对强化学习模型进行训练，状态空间包含各层级封堵设备的阻断率、负载、策略配置等多个属性，动作空间定义为各设备的安全策略参数调整范围。采用即时奖励和长期奖励相结合的方式设计回报函数，短期内累积封堵量越大奖励越高，长期内误封率和漏封率稳定在可接受水平则奖励收敛，通过不断试错，学习出最优封堵策略组合。结合强化学习的策略梯度方法，自适应调整各层级封堵动作的选择概率分布，在接入层自动优化黑名单的时间衰减速率，在汇聚层实时调节会话表的老化时间，在核心层动态变更流异常检测的阈值，实现端口封堵粒度的连续优化。The reinforcement learning model is trained. The state space includes multiple attributes such as the blocking rate, load, and policy configuration of each level of blocking equipment. The action space is defined as the adjustment range of the security policy parameters of each device. The reward function is designed by combining immediate rewards and long-term rewards. The greater the cumulative blocking volume in the short term, the higher the reward. The reward converges when the false blocking rate and missed blocking rate are stable at an acceptable level in the long term. Through continuous trial and error, the optimal blocking strategy combination is learned. Combined with the policy gradient method of reinforcement learning, the selection probability distribution of blocking actions at each level is adaptively adjusted, the time decay rate of the blacklist is automatically optimized at the access layer, the aging time of the session table is adjusted in real time at the aggregation layer, and the threshold of flow anomaly detection is dynamically changed at the core layer to achieve continuous optimization of port blocking granularity.

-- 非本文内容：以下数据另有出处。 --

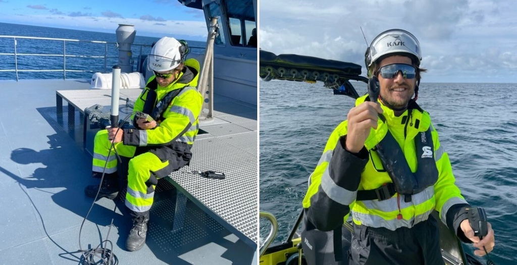 Kystvaktskipet " Tor " har idag bistått Havforskningsinstituttet med opptak av ett satelittmerke som har vært festet i en makrellstørje. Etter ett år fløyt det nå opp nord av Troll C og Havforskningsinstituttet kan nå laste ned mye god data om forhold i havet samt vandringsmønsteret til fisken. ( Foto: Kystvakten)

引入元学习理念，超参数K作为元优化目标，自动选择强化学习模型中智能体的数量、探索率等，快速适应不同防护场景。使用迁移学习算法，将已训练好的智能体模型在相似网络环境间复用，通过少量增量训练即可实现封堵策略的快速部署。在树状拓扑中自顶向下进行访问控制，由接入交换机到核心交换机再到安全域边界，逐层严格认证授权。利用蜜罐诱捕、威胁情报溯源等手段，抢先发现攻击源头，改变被动防御为主动狙击。在汇聚层部署基于SOAR的自动化响应编排，综合研判多层级告警信息，动态调度安全资源，形成全局最优的综合防护方案，利用区块链构建可信的群智联防网络，在链上共享各节点的封堵效果评估，通过智能合约实现联防策略的实时迭代更新。The meta-learning concept is introduced, and the hyperparameter K is used as the meta-optimization target to automatically select the number of agents and exploration rate in the reinforcement learning model to quickly adapt to different protection scenarios. Using the transfer learning algorithm, the trained agent model can be reused between similar network environments, and the blocking strategy can be quickly deployed through a small amount of incremental training. Access control is performed from top to bottom in the tree topology, from the access switch to the core switch and then to the security domain boundary, and authentication and authorization are strictly performed layer by layer. Honeypot trapping, threat intelligence tracing and other means are used to preemptively discover the source of the attack and change passive defense to active sniping. Deploy SOAR-based automated response orchestration at the aggregation layer, comprehensively analyze and judge multi-level alarm information, dynamically schedule security resources, form a globally optimal comprehensive protection plan, use blockchain to build a trusted group intelligence joint defense network, share the blocking effect evaluation of each node on the chain, and realize real-time iterative updates of the joint defense strategy through smart contracts.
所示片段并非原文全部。